# 60's and older still doing Jujutsu



## Kempojujutsu (Jul 17, 2003)

How many people know of people still in there 60's or older doing Jujutsu. I know Helio Gracie still is. I don't mean just teach class or go to testings. I mean gets out on the floor plays uki as much as tori. Does every thing associated with Jujutsu, throws, locks, ground game etc.
Bob:asian:


----------



## Old Fat Kenpoka (Jul 17, 2003)

I think some of the other Gracie's are up there.  Isn't Carlson Gracie Sr. over 60?  

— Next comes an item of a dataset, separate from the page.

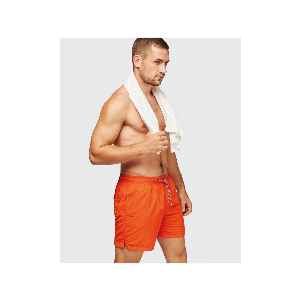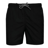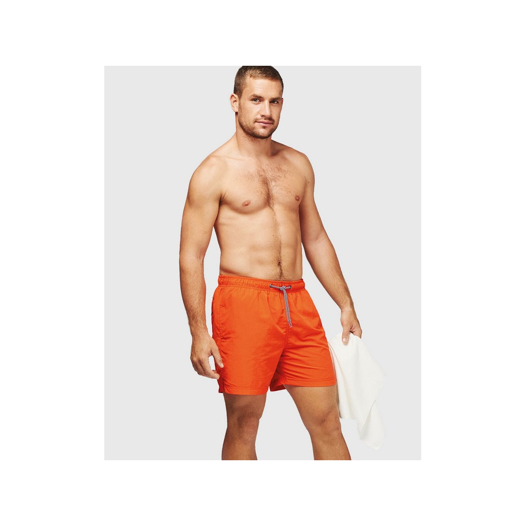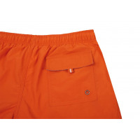 Extérieur : 100% polyamide 105g/m². Slip intégré en maille filet 100% polyester 65g/m². Doublure ceinture polycoton 80g/m². Tissu léger et à séchage rapide. Coupe mode. 2 poches latérales et 1 poche arrière avec oeillet, rabat et bande auto-agrippante. Ceinture intérieure fantaisie et élastiquée avec cordon de serrage.
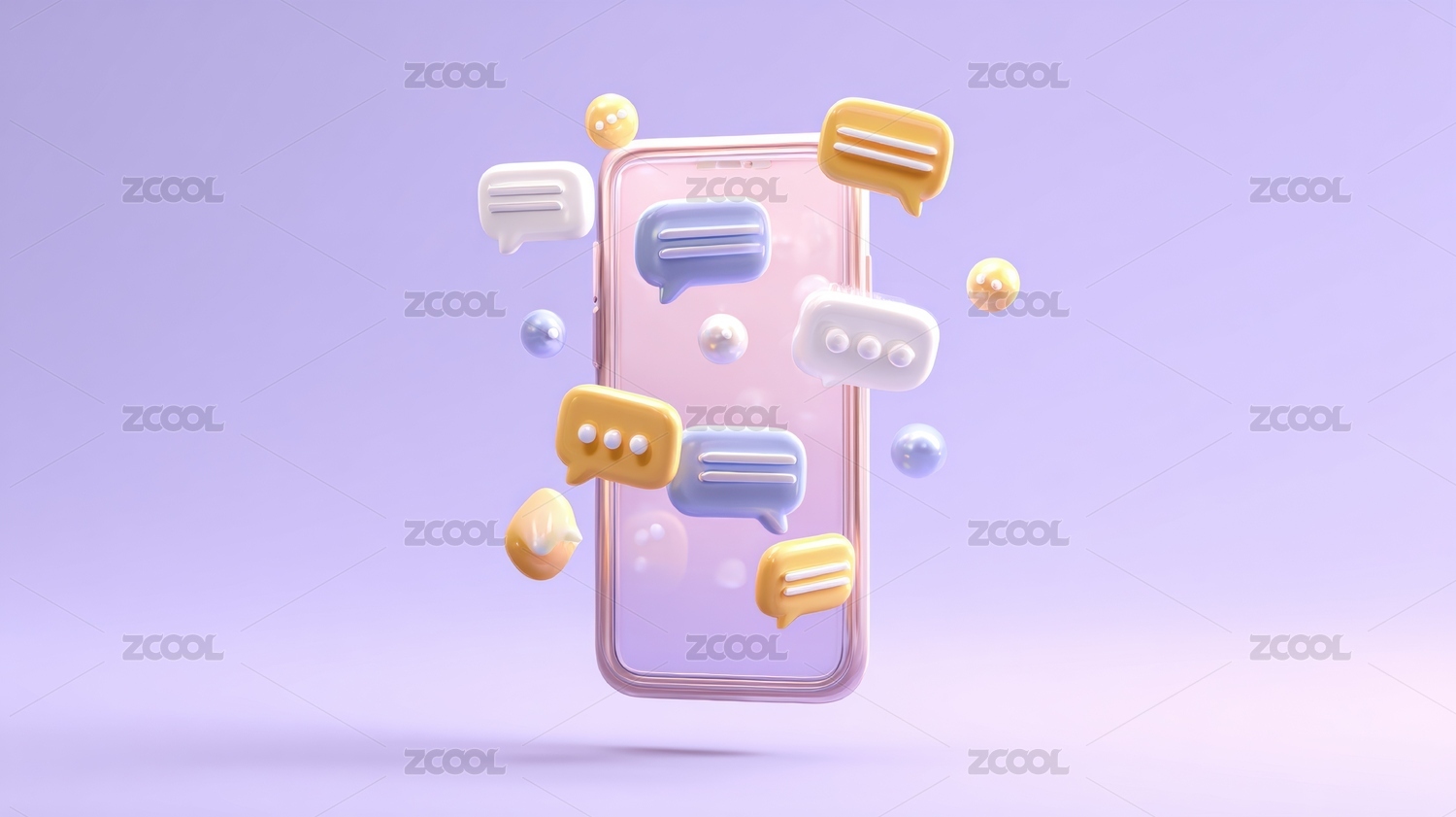 科技,插画,手机,现代,信息,悬浮,3D,卡通,社媒,聊天

Duke Moore, the founder of Zen Budokai Aiki-Jujitsu was an active instructor well into his late 80's.  He passed away earlier this year in his early 90's.


----------



## old_sempai (Aug 14, 2003)

but the last time I saw Helio Gracie was about 4 or 5 years ago at a Training School in Dingmans Ferry Pa.  and he appeared to be a bit infirmed and not walking or moving that well, and appeared to be showing his age.  

:asian: :asian:


----------



## TallAdam85 (Aug 31, 2003)

Helio Gracie i like to see some one try to take his wallet and watch him beat the crap out of them LOL :rofl:


----------



## arnisador (Aug 31, 2003)

My BJJ instructor was in Brazil this summer and says he still gets right down and demonstrates and that he's tough! In fact I asked a question in class a few weeks ago and he answered "Someone asked that while I was in Brazil, and Helio Gracie said..." Talk about getting it from the source!


----------